The goal is an increasing rate of farmer adoption of new practices and technologies that improve soil health.
Other projects focus on improving adoption. One of these, which is under the stewardship of Dr Nathan Craig at the West Midlands Group in Western Australia, aims to develop a tool to help growers, advisers and researchers understand the potential risks and rewards of adopting new farming technologies and practices.
The project will create a reporting tool to communicate the risks and benefits of new farming technologies and practices. The tool will help extension agencies to share research with growers in a standardised way that allows better evaluation and balance between short and long-term soil health benefits and improved farm profitability.

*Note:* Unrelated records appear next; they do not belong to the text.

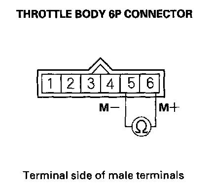 4. At the throttle body side, measure resistance between throttle body 6P connector terminals No.5 and No.6 with the throttle fully closed.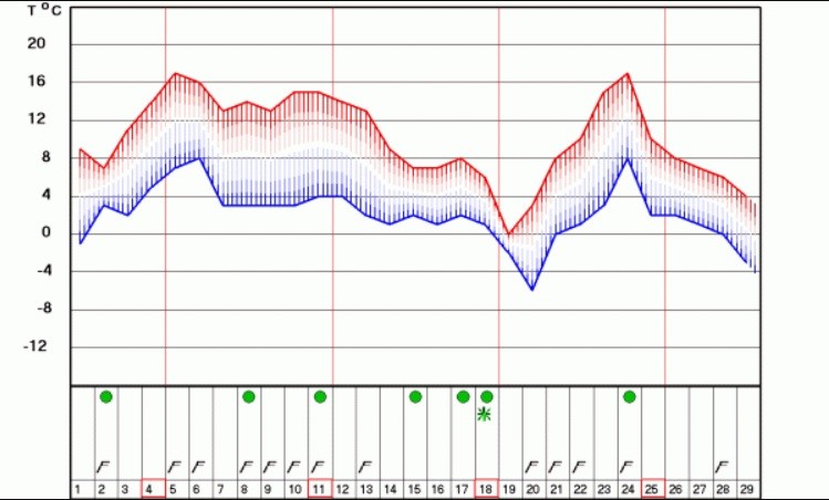 Havazásra február 18-a körül lehet számítani, és ekkortól várhatók komolyabb vagyok is, nulla és -5 fok közötti értékekkel. Ezután némi felmelegedés várható, majd február végére ismét süllyedni fog a hőmérséklet.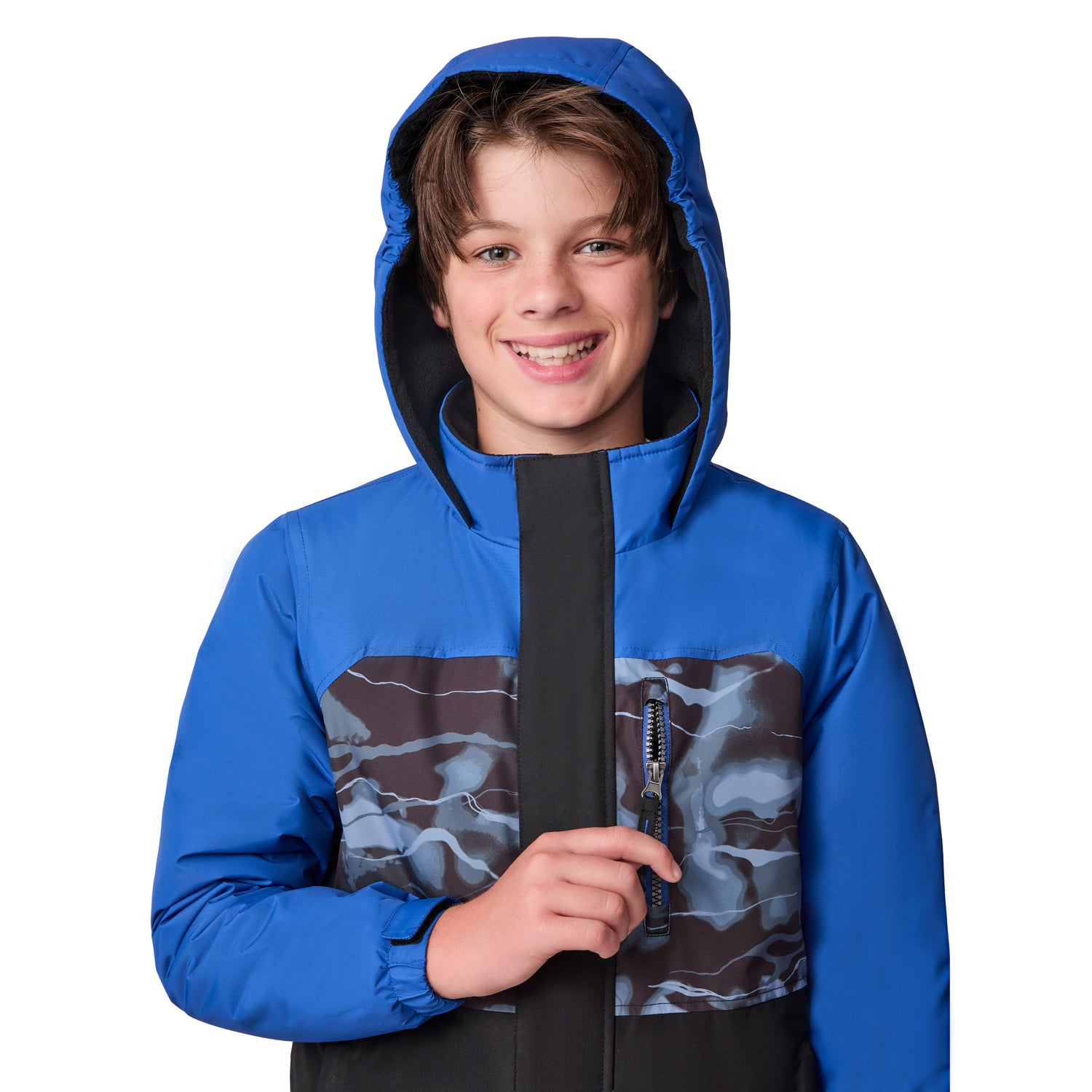 Made from 100% machine-washable polyester, the jacket features a fleece-lined hood for cozy protection, a wind-resistant shell to block out gusts, and a drop tail hem for added coverage. Designed to handle all-day play, it's the perfect outer layer for winter fun.

“Using this will drive improved soil stewardship and adoption of Soil CRC outcomes, as farmers will have the knowledge to balance the short and long-term benefits of new farming practices and technology available to them,” Dr Craig says.
“In the long term, the goal is an increasing rate of farmer adoption of new practices and technologies that improve soil health through access to detailed but clear information that guides decision-making. This will drive improved farm business performance, soil health outcomes and natural resource stewardship.”

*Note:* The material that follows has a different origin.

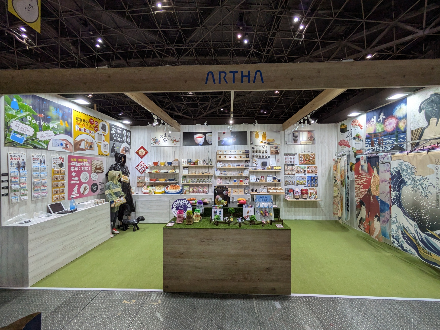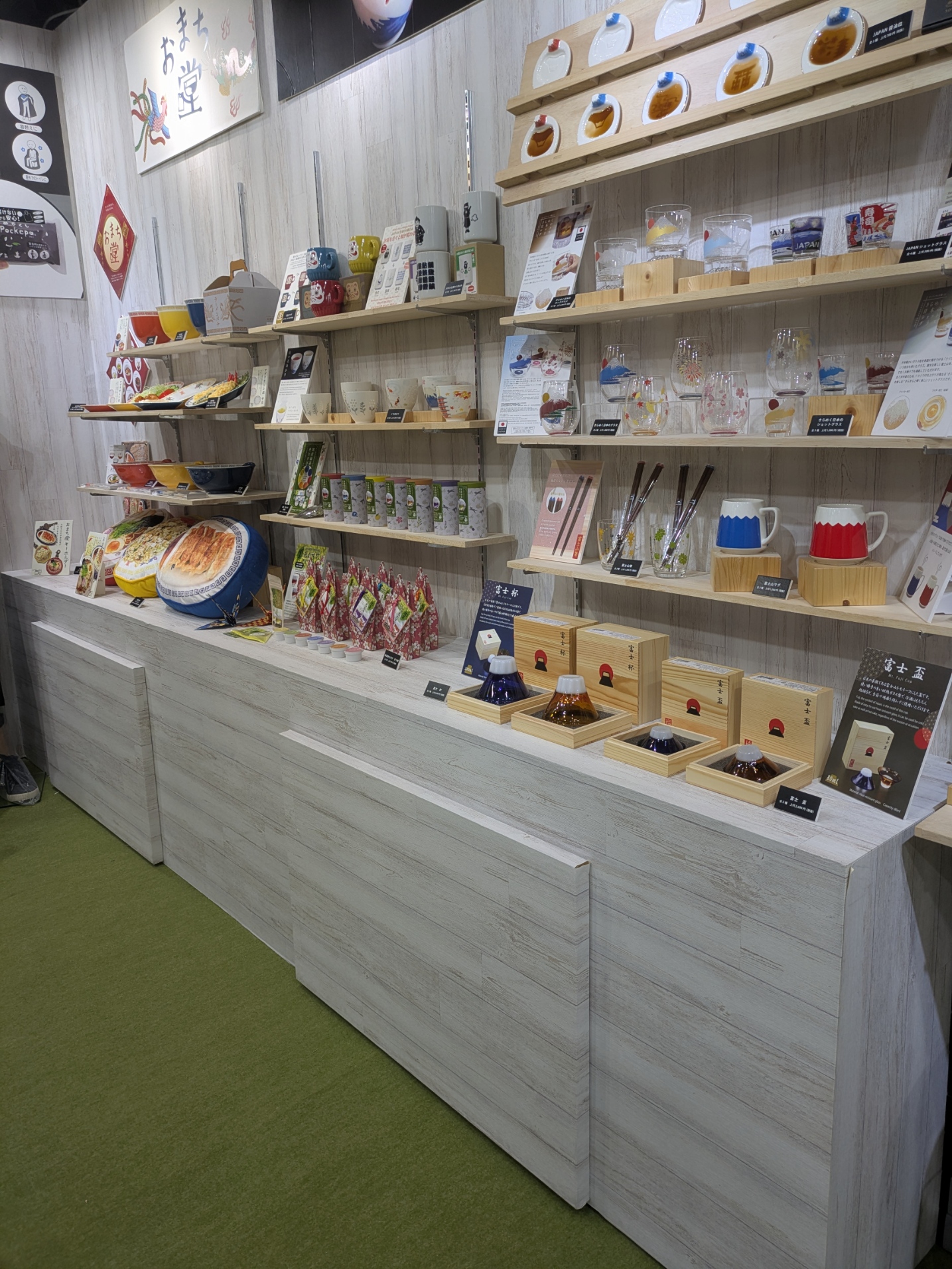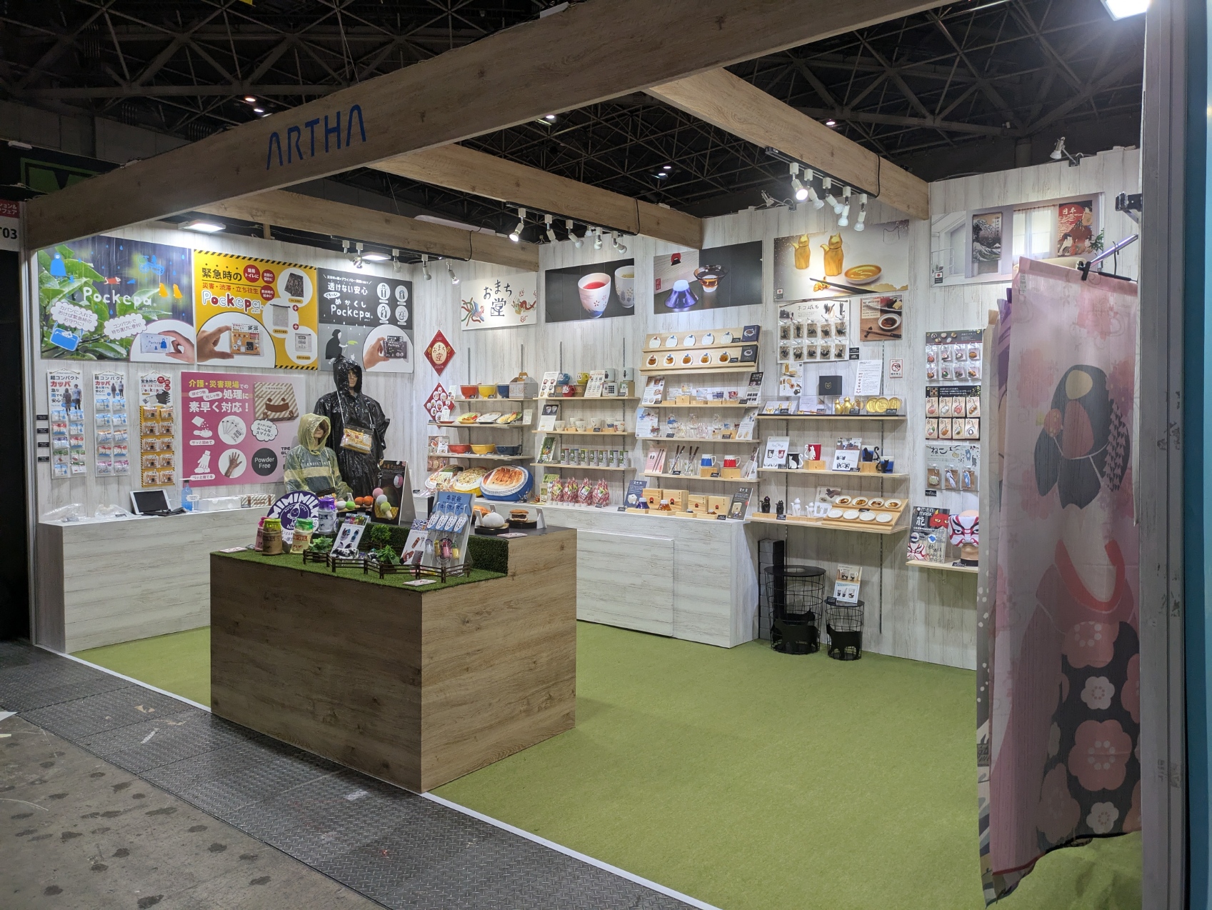 2小間のコの字ブース。商材に合わせて展示台の天板を人工芝で装飾し、通路を歩くお客様のアイキャッチに。製作した展示台の中はすべてストックとしてご利用いただけるようにご用意。展示会の運営もしやすいようにご提案させていただきました。壁面には見せる展示と掛ける展示を併用することで、展示する商品のSKUを増やしつつ見やすさも考慮。各パネルの貼り付けも弊社にて行いました。

The second project with a focus on improving adoption is assessing how cost-effective it is to use waste products such as manure and dairy farm waste as fertiliser. This project is led by Dr Richard Culas at Charles Sturt University.
Another project involves developing viable alternatives to peat for applying microbial inoculants such as rhizobia. Researchers will evaluate the alternatives’ efficacy in glasshouse experiments and in-field experiments across different soil types, climatic zones and agricultural regions in Australia.
Alternative rhizobial carriers
A previous Soil CRC project, ‘Evaluating alternative rhizobial carriers’, assessed 100 potential carriers and identified and developed the best four alternative carrier formulations – mill-mud based, biochar-based, diatomite-based and cow manure-based. These all have higher rhizobial survival rates, nodulation and drought resistance than peat inoculants under laboratory conditions.
The novel rhizobial carrier formulations developed from the laboratory now require large-scale glasshouse and field trials to evaluate their efficiency. The project will look at nitrogen-fixing efficacy, crop yield and environmental impacts. It will involve manufacturing of these novel carriers for seed coating and granular products and glasshouse and field experiments to evaluate their efficacy across different soil types, climatic zones and agricultural regions in Australia.
At the University of Tasmania, Dr Marcus Hardie is leading a project that is working towards commercialising a wireless below-ground soil sensor node. The technology – known as the ‘Bilby’ – is a communications node that houses any type of soil sensor.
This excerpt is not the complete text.